__GIVEN DATA__:
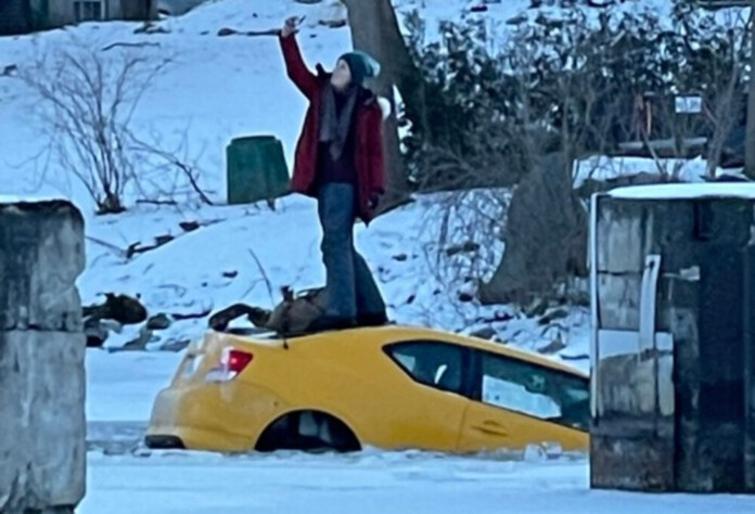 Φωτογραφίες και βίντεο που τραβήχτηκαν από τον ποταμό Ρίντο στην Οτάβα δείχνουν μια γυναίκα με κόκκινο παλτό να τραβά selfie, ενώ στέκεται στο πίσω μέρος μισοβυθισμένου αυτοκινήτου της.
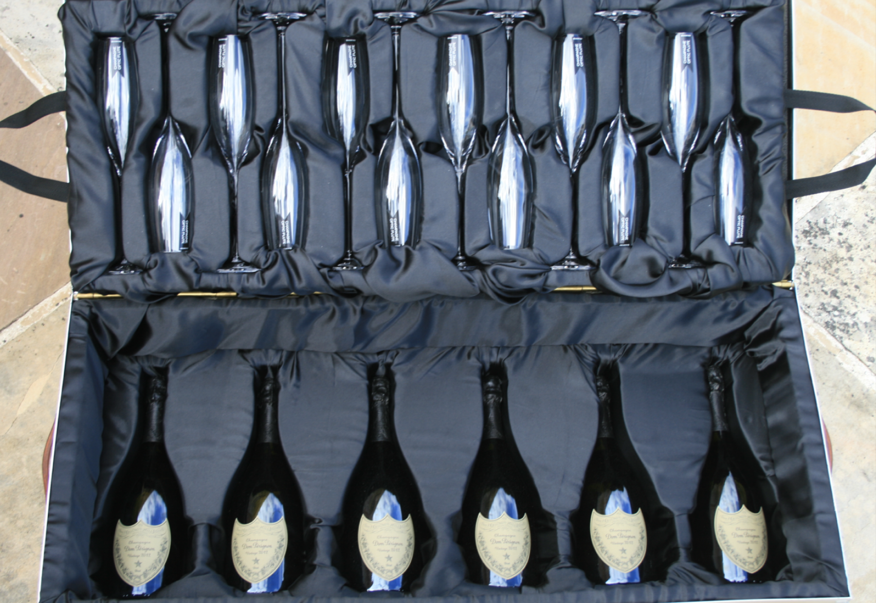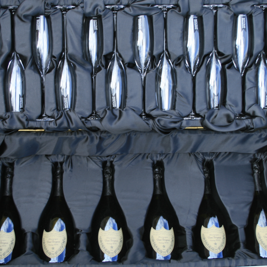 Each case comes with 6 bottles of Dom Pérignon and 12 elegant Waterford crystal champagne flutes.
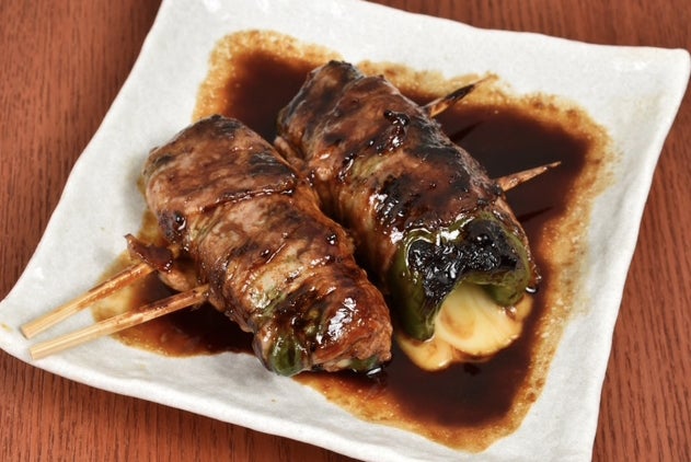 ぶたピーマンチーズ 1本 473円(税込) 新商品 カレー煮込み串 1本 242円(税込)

__THE PROBLEM__:
Any picture in the material is to be dropped; the rest is repeated exactly.

__SOLUTION TO THIS EXERCISE__:
 Φωτογραφίες και βίντεο που τραβήχτηκαν από τον ποταμό Ρίντο στην Οτάβα δείχνουν μια γυναίκα με κόκκινο παλτό να τραβά selfie, ενώ στέκεται στο πίσω μέρος μισοβυθισμένου αυτοκινήτου της.
 Each case comes with 6 bottles of Dom Pérignon and 12 elegant Waterford crystal champagne flutes.
 ぶたピーマンチーズ 1本 473円(税込) 新商品 カレー煮込み串 1本 242円(税込)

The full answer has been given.